So when I was coming up with the idea for Enthusiasm, we wanted to stick to focusing on putting on a show, screening films on film and specifically 16mm screenings because there's a wealth of 16mm films out there. There's something like 7000 16mm titles in the BFI archive and people just don't know about them really, because it's so rare. Fortunately we've got two extremely experienced projectionists, Phu [To] and Victor [Makourin] at the Curzon Soho, and they were able to go on a bit of an odyssey to find a 16mm projector in Elstree and they had to do some magic fusing wires together but we got it working and it's in great condition. And now we have access to all these shorts. With Enthusiasm, I was really keen to make sure we always preceded the feature films with a short film, and then have some kind of reading or talk or performance as well, and get back to making cinema an event, not in the ‘Event Cinema’ sense, but you know, making film the event.

Still from Kenneth Anger's Rabbit Moon, 1972

RR: So you're curating these events to incorporate a mix of something people haven't seen shown alongside something they love.

JK: Yes- some of the slightly more well-known films, like the David Lynch films, we knew that they would have an audience, but it was a case of also feeding them something slightly more experimental and with avant-garde inspiration. So before Lost Highway we showed Kenneth Anger’s Rabbit’s Moon, which is one of my favourite short films, but not really that many people are aware of him as a filmmaker even though he's probably one of the most experimental filmmakers of the Twentieth Century, at least the most influential.
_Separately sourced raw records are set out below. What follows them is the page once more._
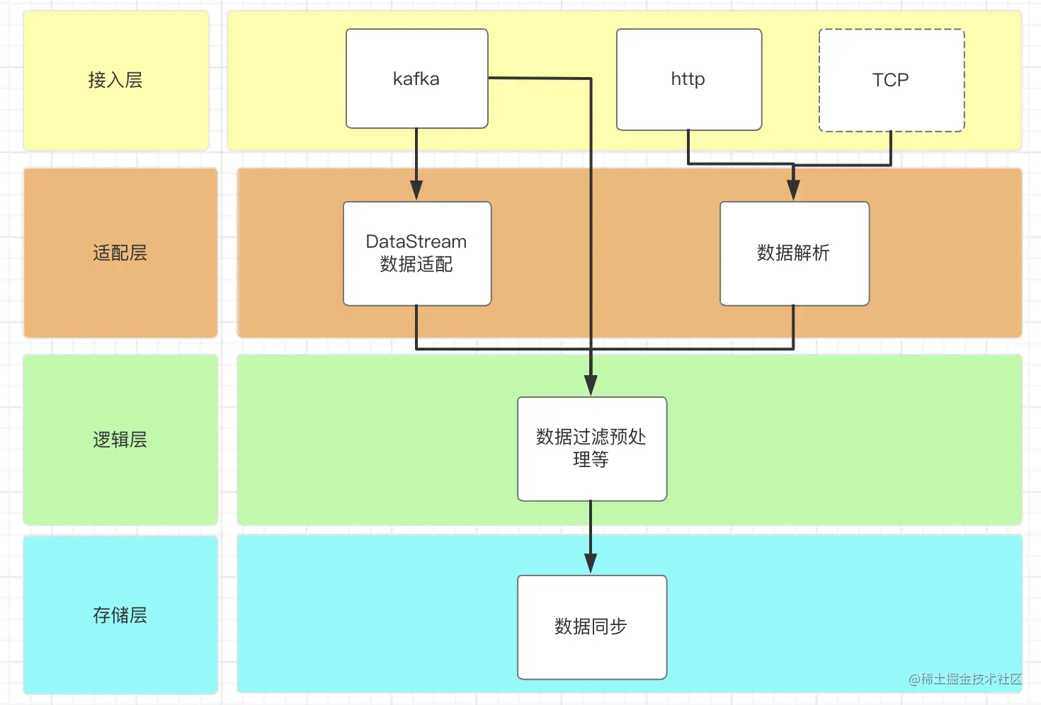 - 我们主要的数据来源为业务 SDK 和应用服务器,这些数据可以通过 HTTP Api、Kafka 两种方式接入采集服务。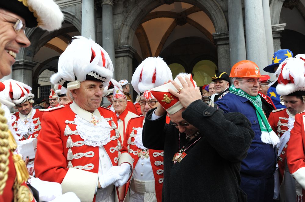 2012年2月20日,科隆市長(zhǎng)羅特斯(左二)在科隆狂歡節(jié)上。(班瑋 攝)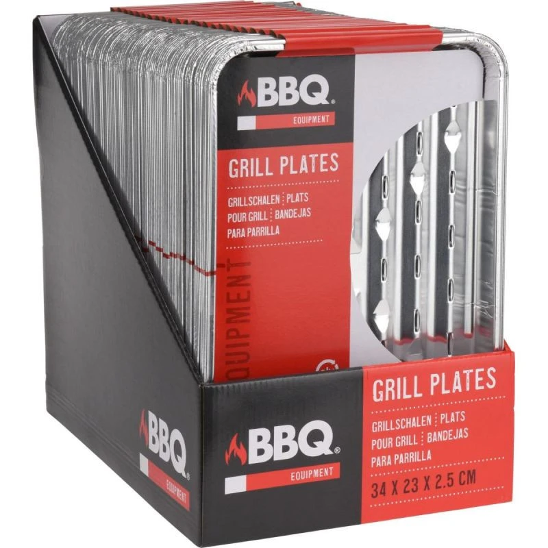 Chcete pozvat své přátele na grilování a hledáte vhodný sortiment? 34x23 cm 4 žáruvzdorné ALUMINIUM BBQ TABS jsou speciální talíře, na které můžete při grilování položit maso, zeleninu nebo jiné pokrmy!
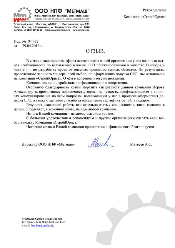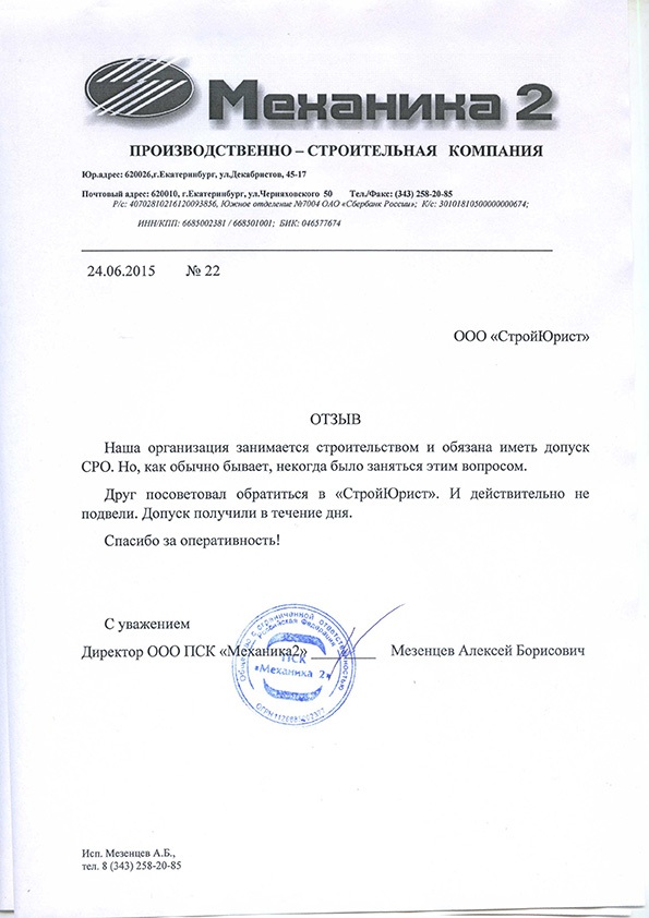 Отзывы клиентов "СтройЮрист" по вступлению в СРО в Тольятти

And then we did Maya Deren’s Meshes of the Afternoon before Twin Peaks: Fire Walk With Me, and again I kind of can see that it probably would have made more sense to show Mulholland Drive, because that's the more obvious reference, but they were doing a digital restoration of Mulholland Drive which was going to be shown, so we decided to track down a print of Fire Walk With Me from Paris, which took a year, and kind of offered something- that was within the collective consciousness because of the Twin Peaks revival, because of the Mulholland Drive restoration, but then include something slightly more unique, and on film. We've been working a lot with James Carney, a former podcaster, who runs the Unseen Hour which is a comedy horror podcast, and he's be doing readings in character for some of the screens. So for Lost Highway and Rabbit’s Moon we got him dressed up as Pierrot the Clown from Rabbit’s Moon, doing his best Kenneth Anger impression and reading a chapter from Hollywood Babylon- Kenneth Anger's sort of poison pen message on Hollywood.

For the Twin Peaks screening we had him dressed up as David Bowie which is slightly subverting his own identity because he does a lot of introductions at the Prince Charles for Labyrinth, also dressed up as David Bowie. But this time we had him as David Bowie in a Hawaiian shirt for Fire Walk With Me, reading a chapter from Kenneth Anger's second Hollywood Babylon book, this is called Hollywood Apocalypse, and it was all about the rise of Ronald Reagan, and even though he's talking about Ronald Reagan becoming President, and how surreal that is, it also reads like he's talking about Trump, which is even weirder. So that was really good fun.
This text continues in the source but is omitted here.